**Recorded data**
┌──

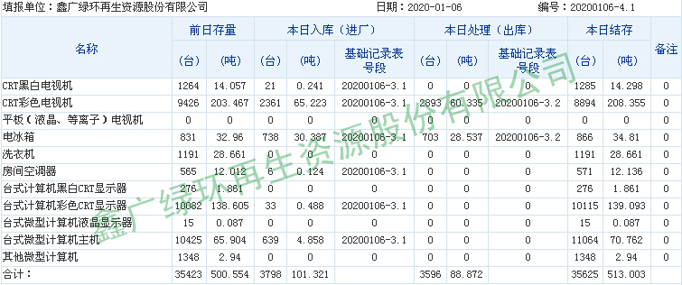 2020.01.06回收拆解統(tǒng)計(jì)表
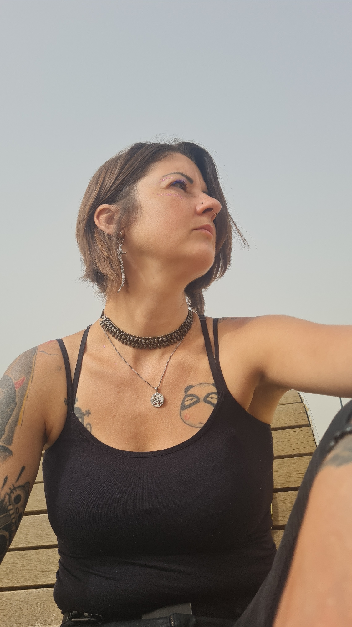 A medium shot of a woman with fair skin and short brown hair in Nahariyya, Israel, angled from below against a clear sky. The woman is wearing a black tank top, a thick beaded necklace, and a long, th…read more
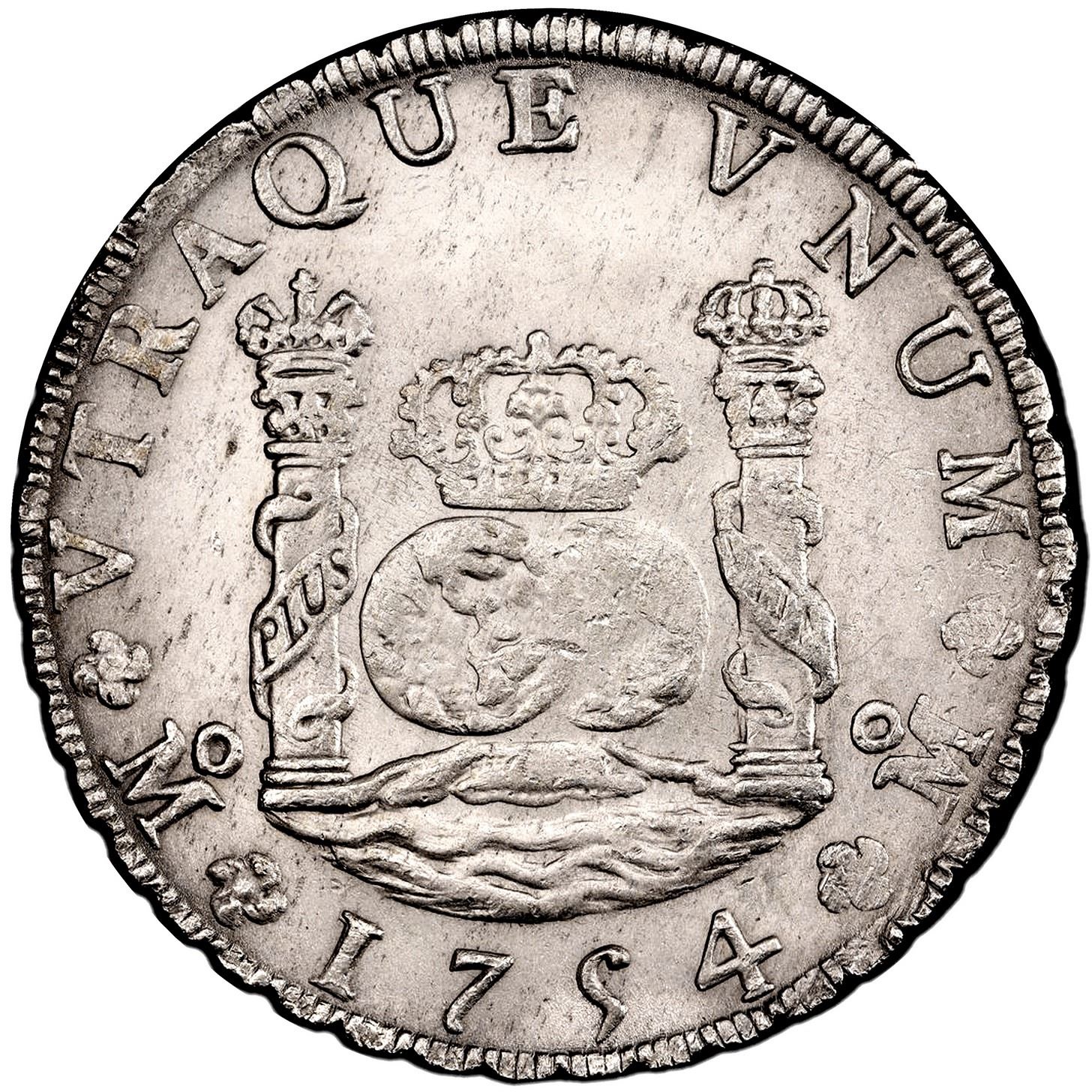 Mexico City, Mexico, pillar 8 reales, Ferdinand VI, 1754 MM/F, dissimilar crowns, PCGS MS61.

└──

**Assignment**
Print the listing exactly, minus its pictures.

**Answer for the task**
 2020.01.06回收拆解統(tǒng)計(jì)表
 A medium shot of a woman with fair skin and short brown hair in Nahariyya, Israel, angled from below against a clear sky. The woman is wearing a black tank top, a thick beaded necklace, and a long, th…read more
 Mexico City, Mexico, pillar 8 reales, Ferdinand VI, 1754 MM/F, dissimilar crowns, PCGS MS61.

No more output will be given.